We think of Medicare as a uniform program, but some coverage decisions are local. What people are covered for in, say, Miami can be different from what people are covered for in Seattle.

Many treatments and services are covered automatically because they already have standard billing codes that Medicare recognizes and accepts. For treatments lacking such codes, Medicare makes coverage determinations in one of two ways: nationally or locally.

Although Medicare is a federal (national) program, most coverage determinations are local. Private contractors authorized to process Medicare claims decide what treatments to reimburse in each of 16 regions of the country.

In theory, this could allow for lots of variation across the country in what Medicare pays for. But most local coverage determinations are nearly identical. For example, four regional contractors have independently made local coverage determinations for allergen immunotherapy, but they all approve the same treatments for seasonal allergy sufferers.

There are more than 2,000 local coverage determinations like these. National coverage decisions, which apply to the entire country, are rarer, with only about 300 on the books.

When Medicare makes national coverage decisions, sometimes it does so while requiring people to enter clinical trials.

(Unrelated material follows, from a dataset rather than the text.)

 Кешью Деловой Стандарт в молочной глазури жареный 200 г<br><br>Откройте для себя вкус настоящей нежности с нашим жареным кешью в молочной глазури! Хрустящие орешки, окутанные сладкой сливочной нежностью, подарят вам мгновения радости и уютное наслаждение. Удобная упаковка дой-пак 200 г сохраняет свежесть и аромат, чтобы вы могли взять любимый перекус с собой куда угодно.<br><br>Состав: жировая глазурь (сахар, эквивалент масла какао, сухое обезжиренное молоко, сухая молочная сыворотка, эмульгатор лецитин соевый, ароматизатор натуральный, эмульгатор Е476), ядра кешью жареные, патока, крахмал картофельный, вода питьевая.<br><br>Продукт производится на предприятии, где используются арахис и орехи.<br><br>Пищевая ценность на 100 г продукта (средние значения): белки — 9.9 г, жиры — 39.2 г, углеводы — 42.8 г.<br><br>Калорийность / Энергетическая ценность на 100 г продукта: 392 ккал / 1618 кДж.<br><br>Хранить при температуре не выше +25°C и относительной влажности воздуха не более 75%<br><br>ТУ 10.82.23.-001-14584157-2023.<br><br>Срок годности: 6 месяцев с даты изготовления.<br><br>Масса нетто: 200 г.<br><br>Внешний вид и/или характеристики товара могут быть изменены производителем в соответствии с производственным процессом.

It has been doing this for over a decade. The program is called coverage with evidence development, and its use is rare. Fewer than two dozen therapies have entered the program since it was introduced in 2006. But it allows Medicare to gather additional clinical data before determining if the treatment should be covered outside of a trial. To be considered, the treatment must already be deemed safe, and it must already be effective in some population. The aim is to test if the treatment “meaningfully improves” the health of Medicare beneficiaries.

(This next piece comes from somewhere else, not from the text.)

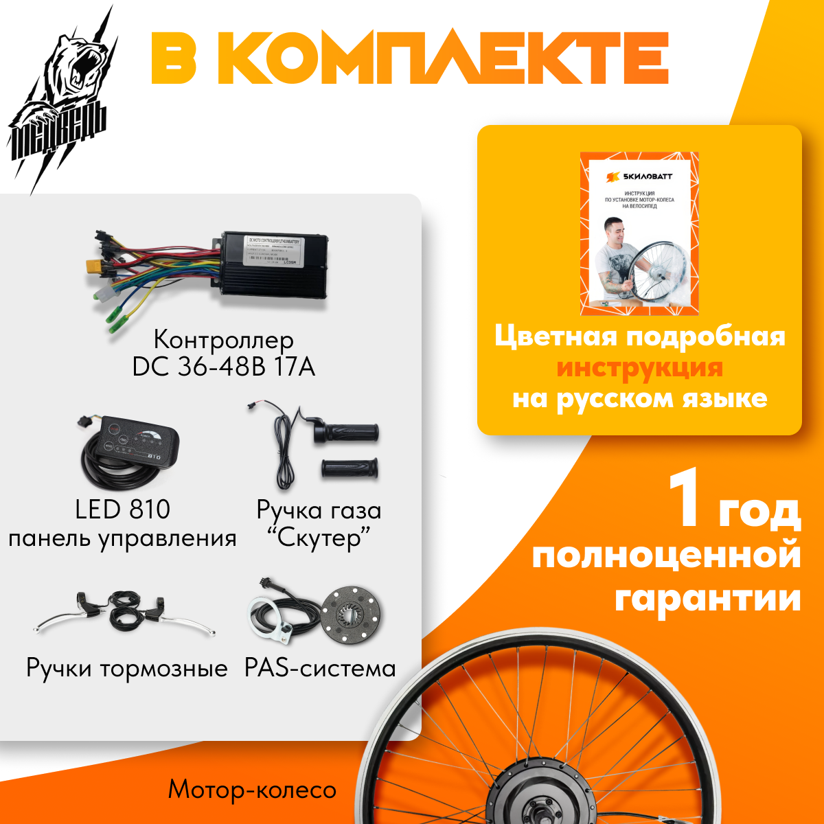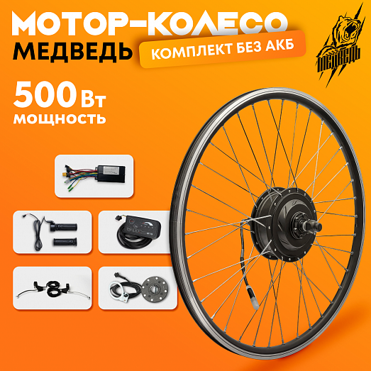 Мотор-колесо мощностью 500 Вт устанавливается на место переднего колеса. Корпус двигателя изготовлен из алюминия, на нём имеется 6 отверстий для крепления тормозного диска. Герметичный разъём на кабеле обеспечивает качественное соединение с контроллером, а также защиту контактов от влаги и коррозии. На выходе из оси двигателя кабель защищён стальной пружиной и резиновым колпачком.

Only one therapy (CPAP, for sleep apnea) that entered this process has ever emerged to be covered as a routine part of Medicare. The others are in a perpetual state of limbo, neither fully covered nor definitively not covered. CAR-T cell therapy, a type of cancer immunotherapy, which appears to be very successful but is also very expensive, is one of the most recent to enter this process.

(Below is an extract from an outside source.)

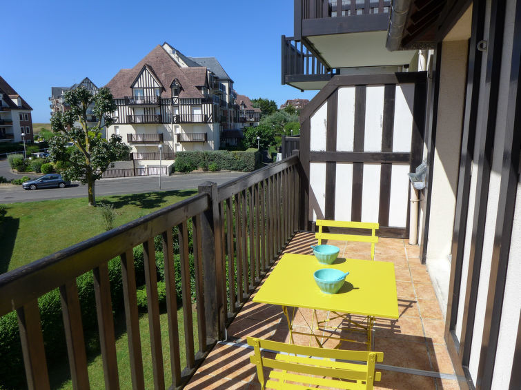 Complex met huizen in een rij en appartementenhuizen in normadische stijl: residentie "Fleur Marine". In de plaats, 1 km van het centrum van Cabourg, 300 m van zee, 300 m van het strand, directe toegang tot het strand. Voor medegebruik: jeu de boules, parkeerplaats (beperkt aantal). Winkel 1 km, levensmiddelenwinkel 1 km, supermarkt 900 m, restaurant 1 km, bar 1 km, fietsverhuur 550 m, bushalte "Plage" 450 m, zandstrand 300 m, thermaalbad "Thalazur" 500 m. Jachthaven 3 km, golfterrein (9 holes) 1.2 km, tennis 700 m, midgetgolf 2.3 km, sportcentrum 500 m. Attracties in de buurt: Deauville 26 km, Honfleur 48 km, Caen 25 km. Geen lift. De afgebeelde foto is slechts een voorbeeld.

Despite the complexity of all these coverage determination methods — local, national, contingent on clinical trials — the bottom line is that very few treatments are fully excluded from Medicare, so long as they are of any clinical value. And this suggests that it’s not very likely that Medicare for all would deny coverage for needed care.

A 2018 study in Health Affairs found only 3 percent of Medicare claims were denied in 2015. And traditional Medicare doesn’t limit access to doctors or hospitals either, as it is accepted by nearly every one. (This is in contrast with Medicare Advantage.)

Medicare has a troubled history in considering cost-effectiveness in its coverage decisions. Past efforts to incorporate it have failed. For example, regulations proposed in 1989 were withdrawn after a decade of internal review.

As a result, Medicare covers some treatments that are extremely expensive for the program and that offer little benefit to patients. The Medicare Payment Advisory Commission recently studied this in detail. In a 2018 report to Congress, it noted that up to one-third of Medicare beneficiaries received some kind of low-value treatment in 2014, costing the program billions of dollars. If Medicare for all followed in traditional Medicare’s path, it could be wastefully expensive.

The United States has had a historical unwillingness to face cost-effectiveness questions in health care decisions, something many other countries tackle head-on. Some Americans favor Medicare for all because it would make the system more like some overseas. And yet, in choosing not to consider the value of the care it covers, Medicare remains uniquely American.